Dataset entries>

_____

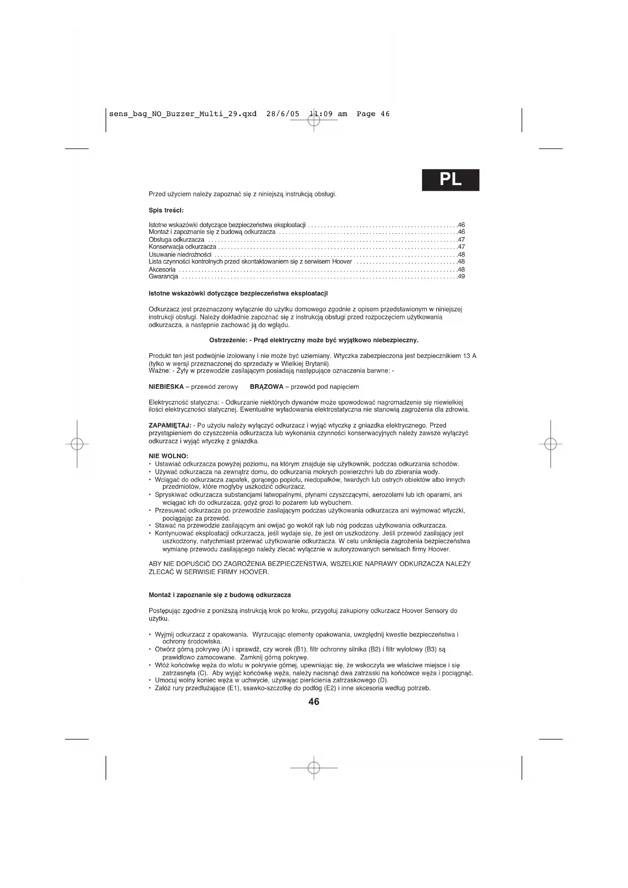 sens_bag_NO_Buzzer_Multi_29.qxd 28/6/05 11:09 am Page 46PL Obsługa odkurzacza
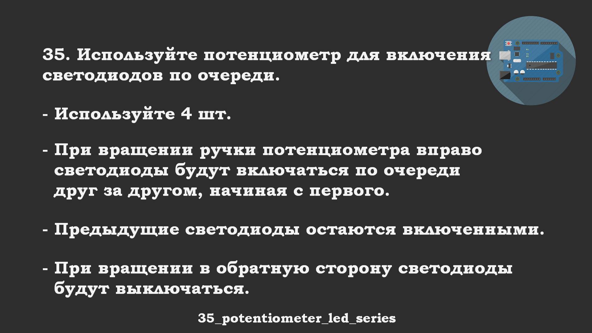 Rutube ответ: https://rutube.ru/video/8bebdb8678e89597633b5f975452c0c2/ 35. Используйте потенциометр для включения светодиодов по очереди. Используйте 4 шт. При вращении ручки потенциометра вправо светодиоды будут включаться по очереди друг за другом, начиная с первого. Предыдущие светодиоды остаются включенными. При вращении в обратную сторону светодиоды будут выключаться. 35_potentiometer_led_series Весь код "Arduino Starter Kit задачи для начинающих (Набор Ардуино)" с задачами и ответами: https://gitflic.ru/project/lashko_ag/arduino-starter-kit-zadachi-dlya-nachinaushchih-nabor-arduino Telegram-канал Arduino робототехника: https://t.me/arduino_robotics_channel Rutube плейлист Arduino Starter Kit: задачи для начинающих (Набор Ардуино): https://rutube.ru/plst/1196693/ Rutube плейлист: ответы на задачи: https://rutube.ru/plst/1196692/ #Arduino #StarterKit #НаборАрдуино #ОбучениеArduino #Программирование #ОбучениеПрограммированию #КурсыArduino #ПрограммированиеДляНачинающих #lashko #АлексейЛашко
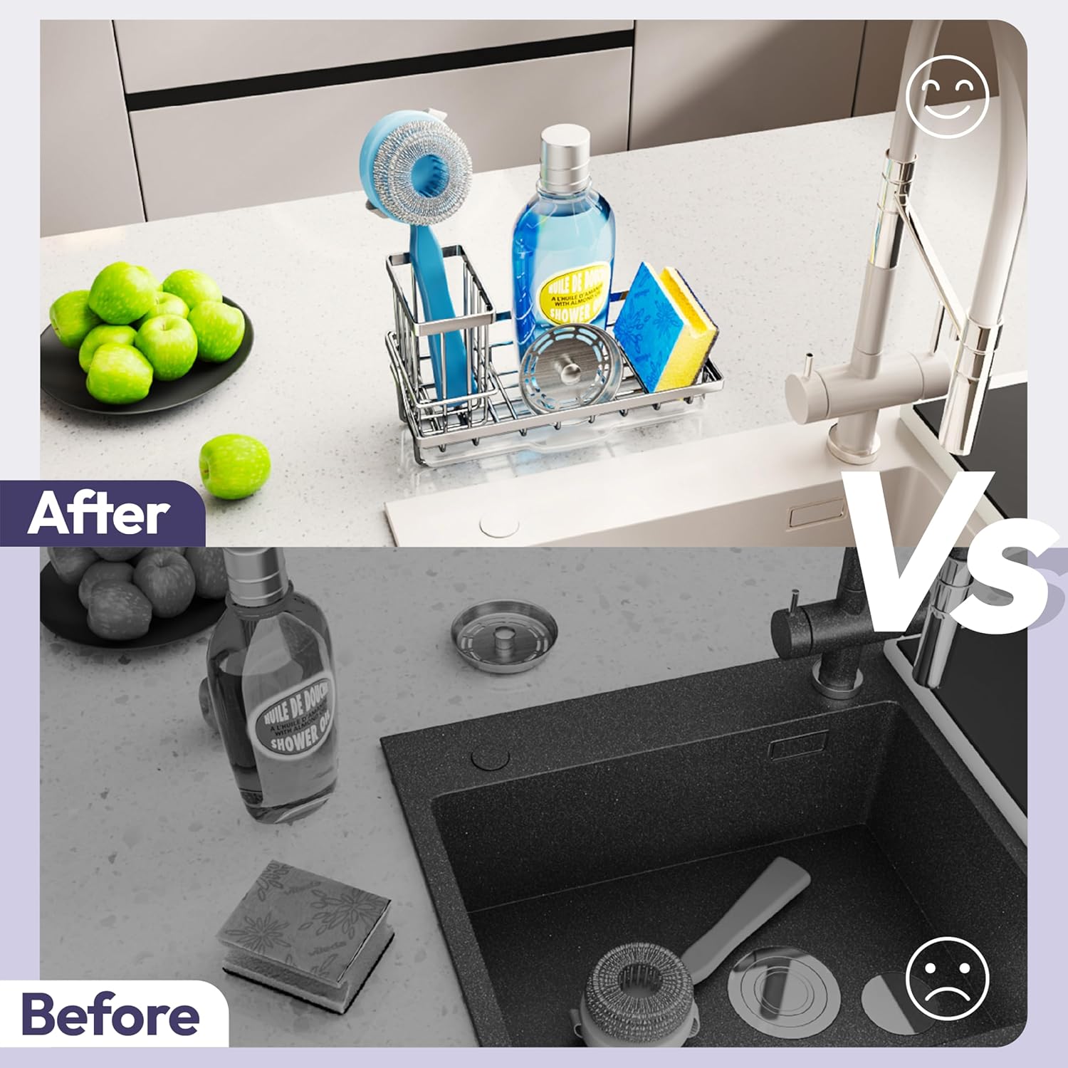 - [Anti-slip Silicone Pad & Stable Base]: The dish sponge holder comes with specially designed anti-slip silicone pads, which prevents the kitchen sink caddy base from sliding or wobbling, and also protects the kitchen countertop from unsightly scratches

_____

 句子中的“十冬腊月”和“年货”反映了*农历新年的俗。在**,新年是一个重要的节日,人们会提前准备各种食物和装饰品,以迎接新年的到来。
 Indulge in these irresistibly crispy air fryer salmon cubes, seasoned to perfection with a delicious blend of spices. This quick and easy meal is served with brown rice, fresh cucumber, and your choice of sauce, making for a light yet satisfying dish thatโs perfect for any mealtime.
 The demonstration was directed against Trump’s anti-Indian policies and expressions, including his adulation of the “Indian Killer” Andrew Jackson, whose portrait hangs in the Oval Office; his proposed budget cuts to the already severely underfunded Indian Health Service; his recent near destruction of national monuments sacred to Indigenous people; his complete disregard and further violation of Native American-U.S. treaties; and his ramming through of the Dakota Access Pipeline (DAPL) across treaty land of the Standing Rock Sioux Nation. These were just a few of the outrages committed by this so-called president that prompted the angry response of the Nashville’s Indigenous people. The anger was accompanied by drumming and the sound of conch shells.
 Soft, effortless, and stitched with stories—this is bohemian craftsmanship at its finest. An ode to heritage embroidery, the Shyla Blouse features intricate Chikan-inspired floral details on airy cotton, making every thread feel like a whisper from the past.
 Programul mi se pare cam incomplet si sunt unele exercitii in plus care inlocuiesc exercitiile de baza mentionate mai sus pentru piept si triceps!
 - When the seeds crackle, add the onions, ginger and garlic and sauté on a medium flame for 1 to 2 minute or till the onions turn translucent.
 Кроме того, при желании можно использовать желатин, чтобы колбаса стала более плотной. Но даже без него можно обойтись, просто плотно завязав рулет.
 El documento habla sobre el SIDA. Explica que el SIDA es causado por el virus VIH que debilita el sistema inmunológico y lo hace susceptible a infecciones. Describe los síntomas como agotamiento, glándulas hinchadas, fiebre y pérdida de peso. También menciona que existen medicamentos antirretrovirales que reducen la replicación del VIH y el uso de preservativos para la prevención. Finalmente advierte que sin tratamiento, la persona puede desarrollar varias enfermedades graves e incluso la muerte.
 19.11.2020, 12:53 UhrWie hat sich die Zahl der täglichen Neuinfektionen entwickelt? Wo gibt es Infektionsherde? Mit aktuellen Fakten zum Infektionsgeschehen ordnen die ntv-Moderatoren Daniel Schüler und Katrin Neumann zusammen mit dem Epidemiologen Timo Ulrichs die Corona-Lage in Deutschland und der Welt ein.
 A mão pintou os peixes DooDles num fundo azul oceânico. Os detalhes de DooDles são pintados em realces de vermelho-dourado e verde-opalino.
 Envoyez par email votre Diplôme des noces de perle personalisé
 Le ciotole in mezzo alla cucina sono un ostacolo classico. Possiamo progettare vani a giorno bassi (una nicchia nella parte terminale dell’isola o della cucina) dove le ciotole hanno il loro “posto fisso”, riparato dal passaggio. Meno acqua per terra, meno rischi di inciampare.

_____

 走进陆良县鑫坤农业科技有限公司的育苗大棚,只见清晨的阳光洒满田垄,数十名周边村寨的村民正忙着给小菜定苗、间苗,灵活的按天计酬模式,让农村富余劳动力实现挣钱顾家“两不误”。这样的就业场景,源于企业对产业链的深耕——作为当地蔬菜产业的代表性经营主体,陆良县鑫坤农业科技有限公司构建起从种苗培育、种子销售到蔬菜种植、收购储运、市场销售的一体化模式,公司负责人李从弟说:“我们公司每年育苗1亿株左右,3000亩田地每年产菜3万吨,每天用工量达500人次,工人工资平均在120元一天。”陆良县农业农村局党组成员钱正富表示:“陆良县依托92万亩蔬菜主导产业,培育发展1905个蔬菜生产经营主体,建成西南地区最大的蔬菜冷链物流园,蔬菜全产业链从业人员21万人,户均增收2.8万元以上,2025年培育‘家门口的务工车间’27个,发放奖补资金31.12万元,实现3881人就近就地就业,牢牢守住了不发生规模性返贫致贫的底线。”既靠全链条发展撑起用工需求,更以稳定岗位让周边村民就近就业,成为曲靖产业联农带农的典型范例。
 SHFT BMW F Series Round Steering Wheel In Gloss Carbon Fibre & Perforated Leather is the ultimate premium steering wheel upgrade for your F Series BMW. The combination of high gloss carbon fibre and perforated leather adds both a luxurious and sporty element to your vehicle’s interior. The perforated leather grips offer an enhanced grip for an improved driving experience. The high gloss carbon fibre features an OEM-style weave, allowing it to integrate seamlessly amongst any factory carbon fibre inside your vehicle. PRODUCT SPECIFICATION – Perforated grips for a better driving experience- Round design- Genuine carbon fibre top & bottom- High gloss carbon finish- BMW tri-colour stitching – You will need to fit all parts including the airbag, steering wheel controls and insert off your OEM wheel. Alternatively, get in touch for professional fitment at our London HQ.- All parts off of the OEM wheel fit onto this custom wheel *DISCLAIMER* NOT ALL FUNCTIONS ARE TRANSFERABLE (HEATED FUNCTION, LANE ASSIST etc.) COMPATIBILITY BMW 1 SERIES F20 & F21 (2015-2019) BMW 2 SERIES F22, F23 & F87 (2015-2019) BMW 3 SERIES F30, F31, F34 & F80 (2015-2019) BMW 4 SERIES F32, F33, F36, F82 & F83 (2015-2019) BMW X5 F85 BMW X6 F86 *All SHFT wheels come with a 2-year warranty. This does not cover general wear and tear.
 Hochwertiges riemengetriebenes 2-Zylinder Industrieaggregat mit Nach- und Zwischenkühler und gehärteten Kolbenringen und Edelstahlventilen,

_____

Take the listing above and repeat exactly the lines from the one containing "19.11.2020, 12:53 UhrWie" through the one containing "Le ciotole in", both included.

Task result>
 19.11.2020, 12:53 UhrWie hat sich die Zahl der täglichen Neuinfektionen entwickelt? Wo gibt es Infektionsherde? Mit aktuellen Fakten zum Infektionsgeschehen ordnen die ntv-Moderatoren Daniel Schüler und Katrin Neumann zusammen mit dem Epidemiologen Timo Ulrichs die Corona-Lage in Deutschland und der Welt ein.
 A mão pintou os peixes DooDles num fundo azul oceânico. Os detalhes de DooDles são pintados em realces de vermelho-dourado e verde-opalino.
 Envoyez par email votre Diplôme des noces de perle personalisé
 Le ciotole in mezzo alla cucina sono un ostacolo classico. Possiamo progettare vani a giorno bassi (una nicchia nella parte terminale dell’isola o della cucina) dove le ciotole hanno il loro “posto fisso”, riparato dal passaggio. Meno acqua per terra, meno rischi di inciampare.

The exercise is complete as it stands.